Data extracts START
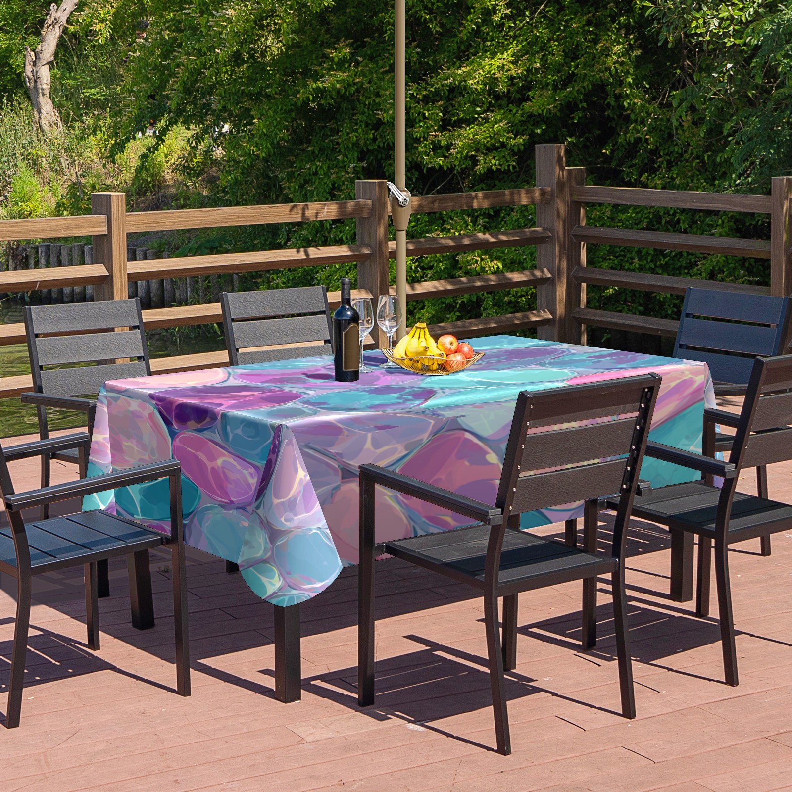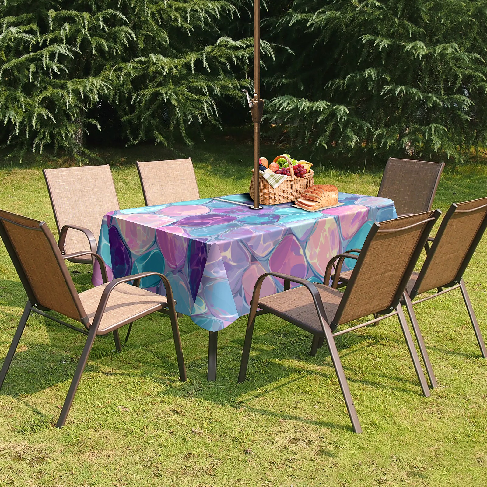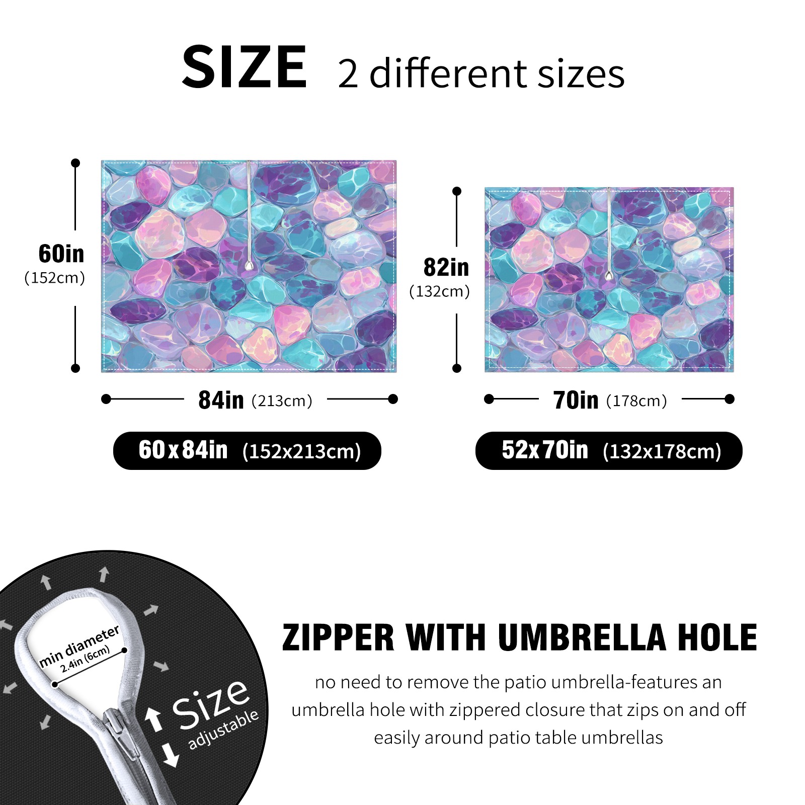 • <p>This premium polyester tablecloth features an innovative umbrella-hole zipper design for easy installation without disassembling a parasol, and offers 2.4-inch adjustable umbrella hole size. Available in 52x70 inch and 60x84 inch sizes, it perfectly fits various dining tables. Its waterproof and stain-resistant properties effectively protect against spills of coffee, juice, rain, and other liquids, keeping your table looking brand new. Daily maintenance is simple; stains wipe away easily. It is machine washable on a gentle cycle; wash in cold water and do not bleach.<br></p>
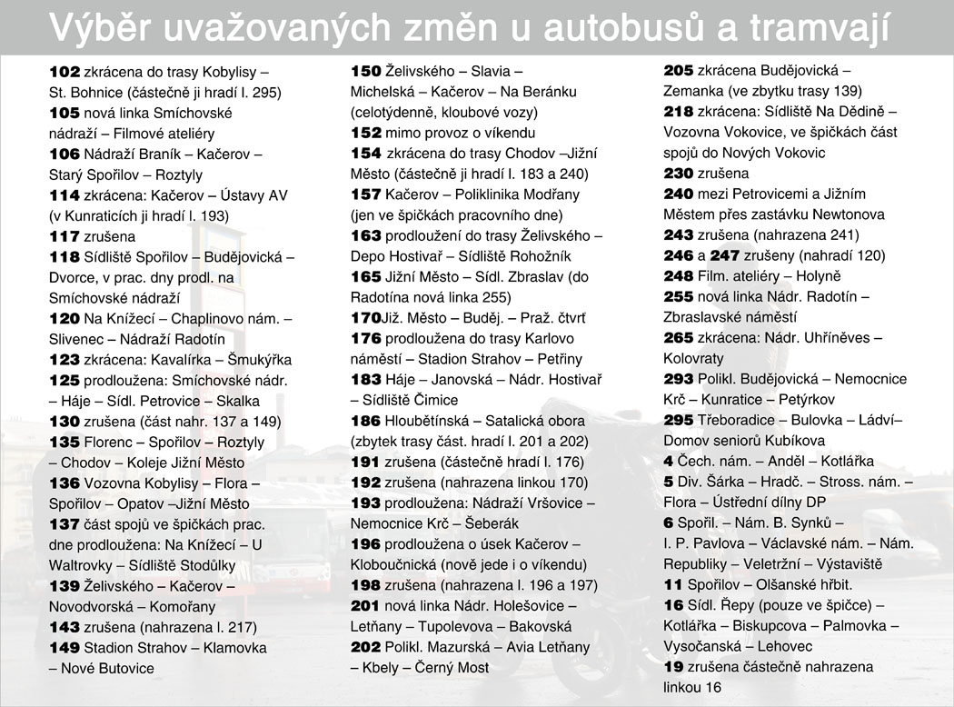 Například je navrženo zrušit tramvajovou linka č. 19 (Lehovec - Nádraží Strašnice) a částečně jí nahradit linkou č. 16 (Sídliště Řepy – Spojovací) prodloužení v trase Palmovka –Vysočanská – Lehovec. Obdobně má být zrušena autobusová linka č. 186 (Nádraží Holešovice - Černý Most) a částečně jí má nahradit linka č. 202 (Poliklinika Mazurská – Bakovská) prodloužením v trase Kbely – Černý Most. Linka č. 163 má být prodloužena do trasy Želivského - Depo Hostivař - Sídliště Rohožník. Blíže viz článek MF dnes.
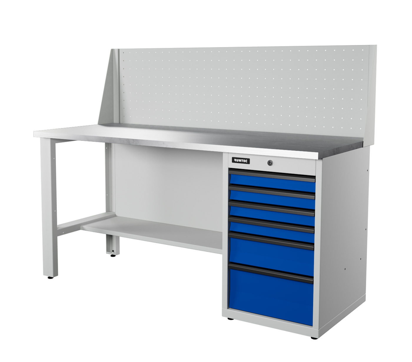 Верстак серии Industrial, 1700 мм, оцинк, тумба с 6-ю ящиками, экран 500, синий (светло-серый) RAL 5005 (7035)
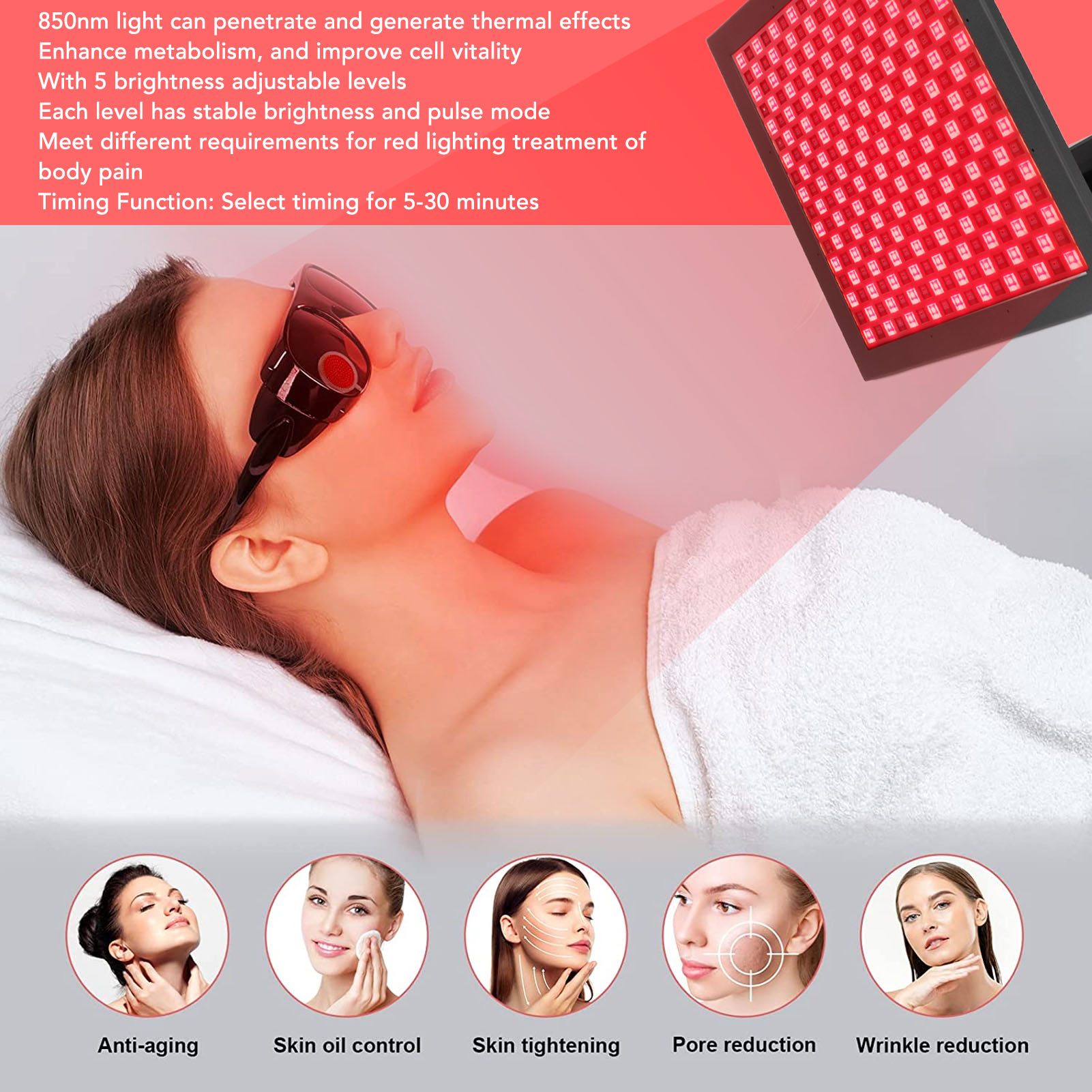 1、660nm and 850nm: 660nm infrared light can get into deep layers of the skin so that it stimulates cellular repair and increases circulation. 850nm light can penetrate and generate thermal effects, enhance metabolism, and improve cell vitality. 2、Multiple Working Modes: Our infrared light has 5 brightness gears. Each level has stable brightness and pulse mode to meet different body pain infrared light treatment needs. According to your actual use, the all in one device can solve various needs. 3、Convenient and Practical: Made from aluminum construction with foldable base, making storage and use more easy. Plug and play style, press the switch of the control box to light up. 4、Effective Relief: Red lamp helps to take your neck pain, shoulder pain,muscle soreness away. You can use this lamp before going to bed for a better sleep. 5、Safe to Use: This infrared light lamp has the timing function of 5‑30 minutes, and it can automatically turn off when time is up. No need to worry over exposure when fall asleep, safely use it at home.
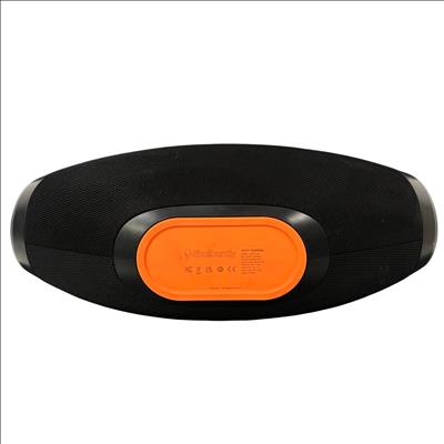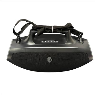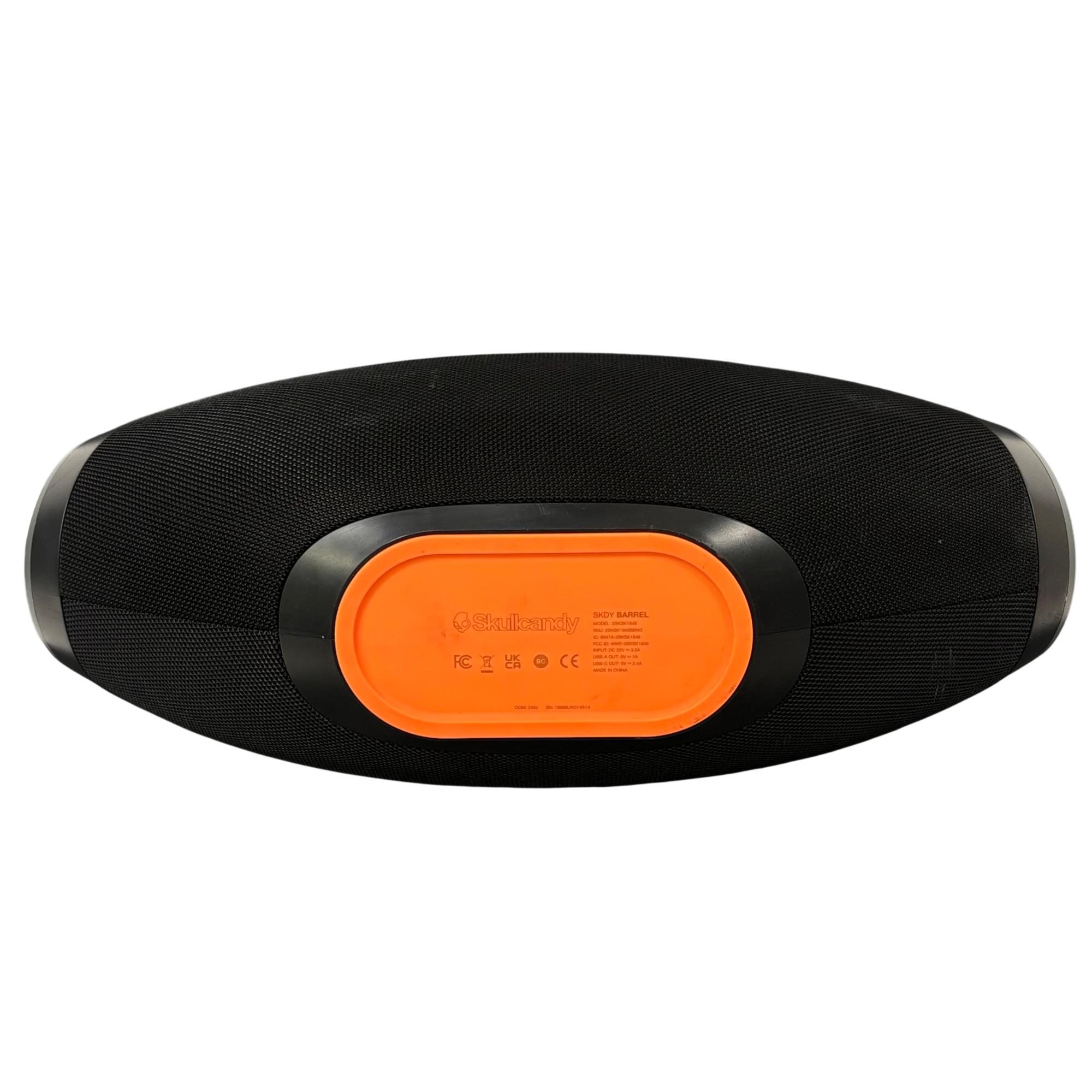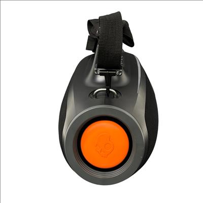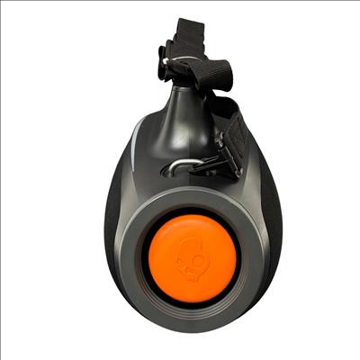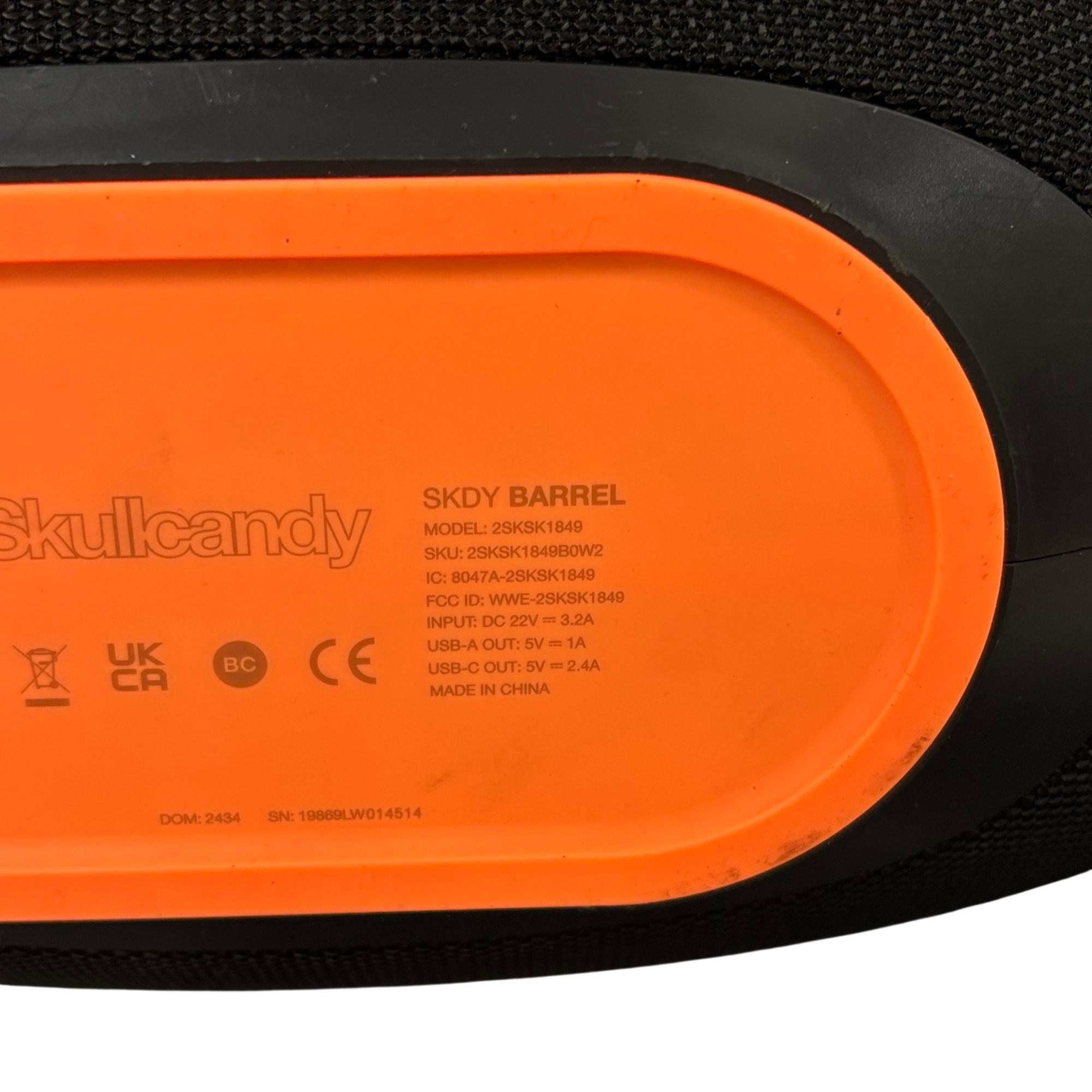 Skullcandy SKDY Barrel IPX5 Bluetooth Portable Boombox Speaker offers powerful wireless audio with a robust black and orange design featuring a convenient strap for easy portability. This speaker supports multiple USB outputs and water-resistant construction, making it ideal for outdoor use and extended playback in various environments.
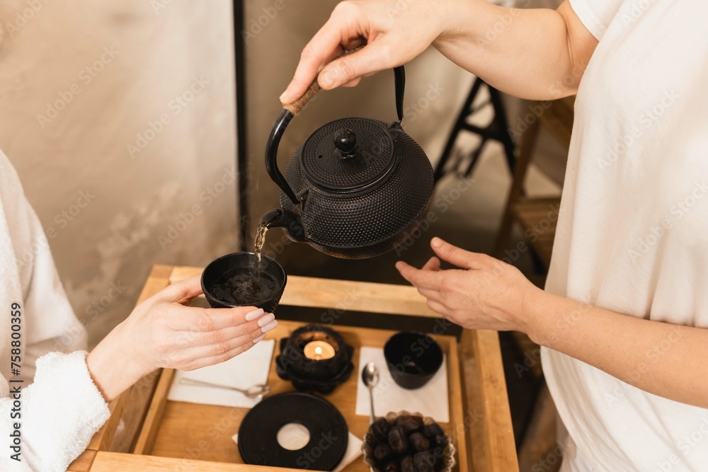 Health tea in hands of a massage therapist for female client of spa center after massage. Herbal tea for spa
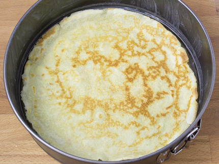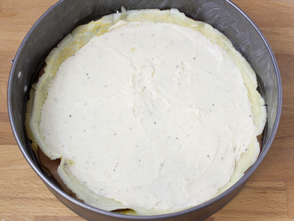 Déposer une autre crêpe et couvrir d’environ ½ tasse (120 millilitres) de la sauce au fromage.
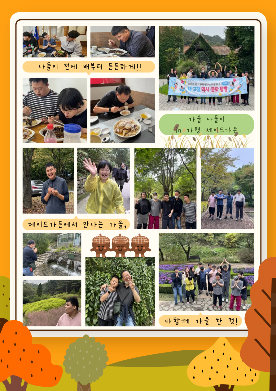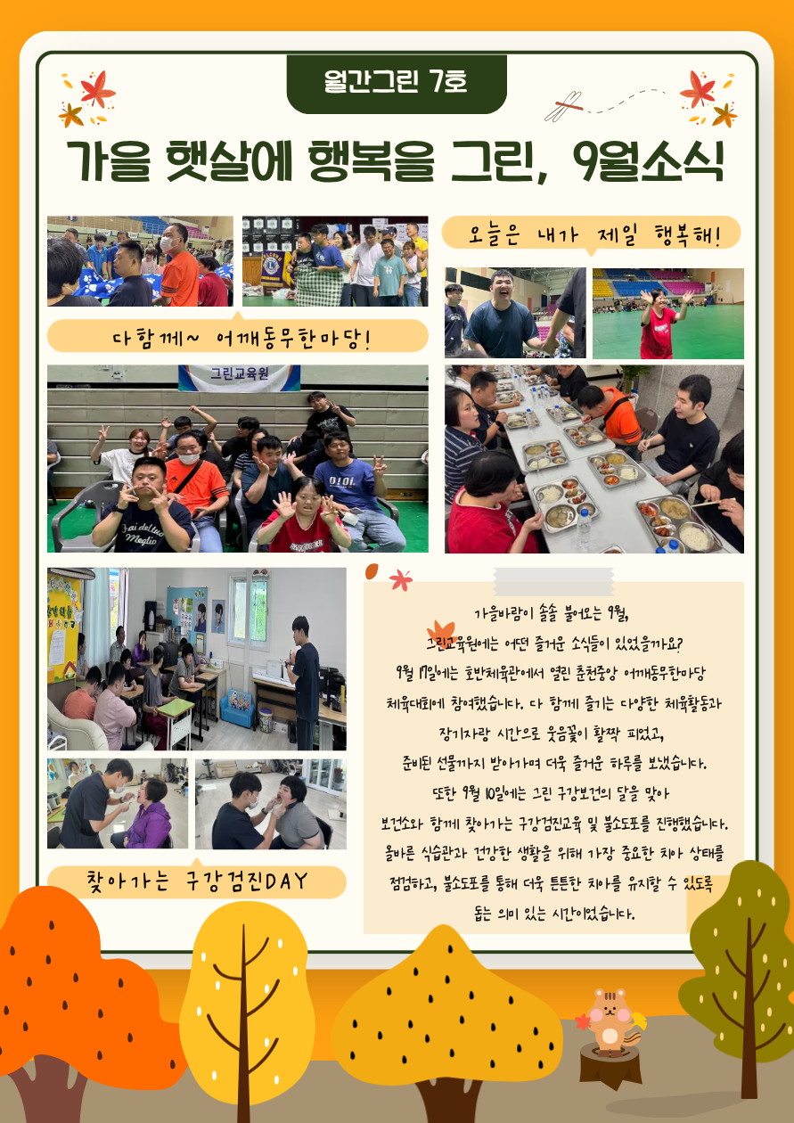 안녕하세요, 그린교육원입니다!선선한 바람이 불어온 9월, 그린교육원에서는 이용자분들과 함께 신나는 한 달을 보냈습니다. 이번 달에는 어깨동무한마당 체육대회에 참여해 다 같이 웃고 즐기는 시간을 가졌고, 가평 제이드가든으로 나들이를 다녀오며 알록달록 풍경 속에서 행복한 추억도 가득 쌓았답니다. 다가오는 10월 그린이야기도 즐거운 소식과 따뜻함 가득담아 전해드릴게요~ 감사합니다!
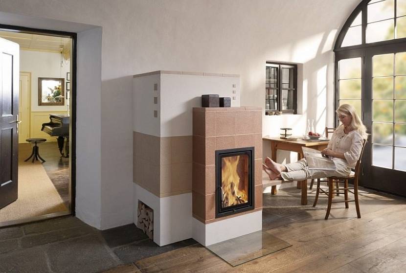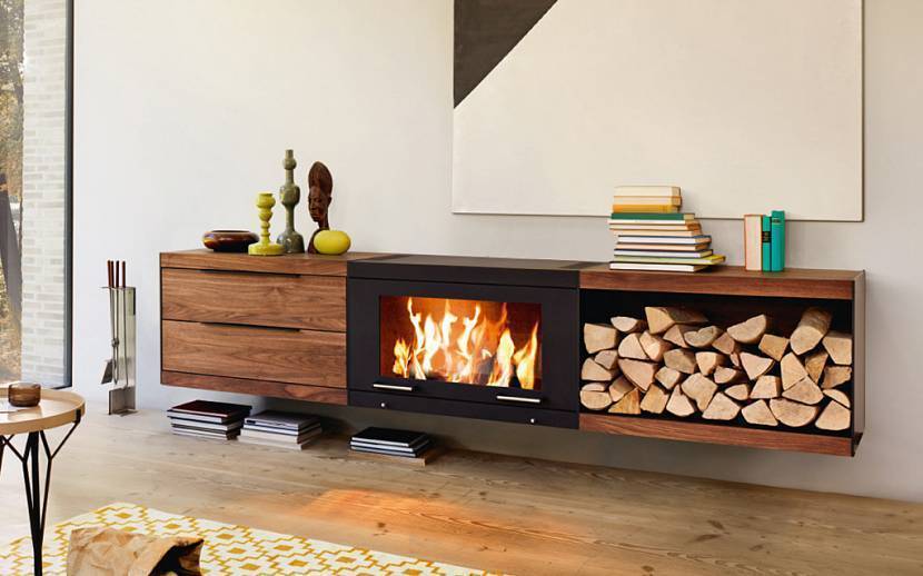 Пристенный способ расположения современной печи для отопления дома на дровахИсточник kamine-streubel.de
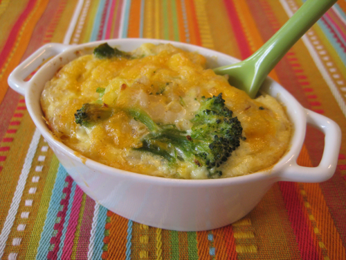 7. Bake for 50 minutes. Sprinkle with additional cheese (cheddar or Gouda is good.) Remove from the oven and allow to rest at room temperature for 20 minutes.
Data extracts END
§ **Task to carry out**
Return exactly the lines of the data, beginning with the first and ending with the line containing "Верстак серии Industrial, 1700". Skip the pictures.

§ **Expected answer**
 • <p>This premium polyester tablecloth features an innovative umbrella-hole zipper design for easy installation without disassembling a parasol, and offers 2.4-inch adjustable umbrella hole size. Available in 52x70 inch and 60x84 inch sizes, it perfectly fits various dining tables. Its waterproof and stain-resistant properties effectively protect against spills of coffee, juice, rain, and other liquids, keeping your table looking brand new. Daily maintenance is simple; stains wipe away easily. It is machine washable on a gentle cycle; wash in cold water and do not bleach.<br></p>
 Například je navrženo zrušit tramvajovou linka č. 19 (Lehovec - Nádraží Strašnice) a částečně jí nahradit linkou č. 16 (Sídliště Řepy – Spojovací) prodloužení v trase Palmovka –Vysočanská – Lehovec. Obdobně má být zrušena autobusová linka č. 186 (Nádraží Holešovice - Černý Most) a částečně jí má nahradit linka č. 202 (Poliklinika Mazurská – Bakovská) prodloužením v trase Kbely – Černý Most. Linka č. 163 má být prodloužena do trasy Želivského - Depo Hostivař - Sídliště Rohožník. Blíže viz článek MF dnes.
 Верстак серии Industrial, 1700 мм, оцинк, тумба с 6-ю ящиками, экран 500, синий (светло-серый) RAL 5005 (7035)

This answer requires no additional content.